Figure 4. Internal training and external validation of the gene signature prediction model. (A) Distribution of risk score between low- and high-risk groups. (B) Survival status of patients with CRC in the low- and high-risk groups. (C) t-SNE analysis plot based on the risk group. (D) The differences between OS and DSS in different risk groups.

3.5 Unsupervised clustering of PCD-related gene signature

To further investigate unidentified CRC subtypes, we performed CC analysis on three PCD-related model genes. The results showed that the differences between the subgroups were most pronounced at maxK = 2, suggesting that the patients with CRC could be effectively categorized into two groups (Figure 5A). Furthermore, t-SNE clustering analysis was conducted on the two subtypes, yielding satisfactory differentiation results (Figure 5B). Notably, there were significant differences in OS between the subtypes, with cluster 2 displaying a more favorable prognosis and cluster 1 showing a poorer prognosis (Figure 5C). Similar results were observed in the validation cohorts GSE29621, GSE17536 and GSE38832. Furthermore, analysis indicated that the majority of Cluster1 was linked to a high-risk score, while the majority of Cluster2 was correlated with a low-risk score (Figure 5D).
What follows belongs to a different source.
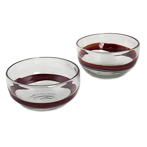 NOVICA Hand Blown Clear Red Glass Bowls, 15 oz. 'Chestnut Band' (pair)

Figure 5. Unsupervised clustering of PCD related model genes. (A) Empirical cumulative distribution function plot displaying consensus distributions for each k value (from 2 to 4). (B) t-SNE analysis plot based on the molecular clusters. (C) Kaplan-Meier analysis of the prognostic differences between two molecular clusters. (D) Diagram showing the interrelationship between molecular clusters, survival status, and risk score groups.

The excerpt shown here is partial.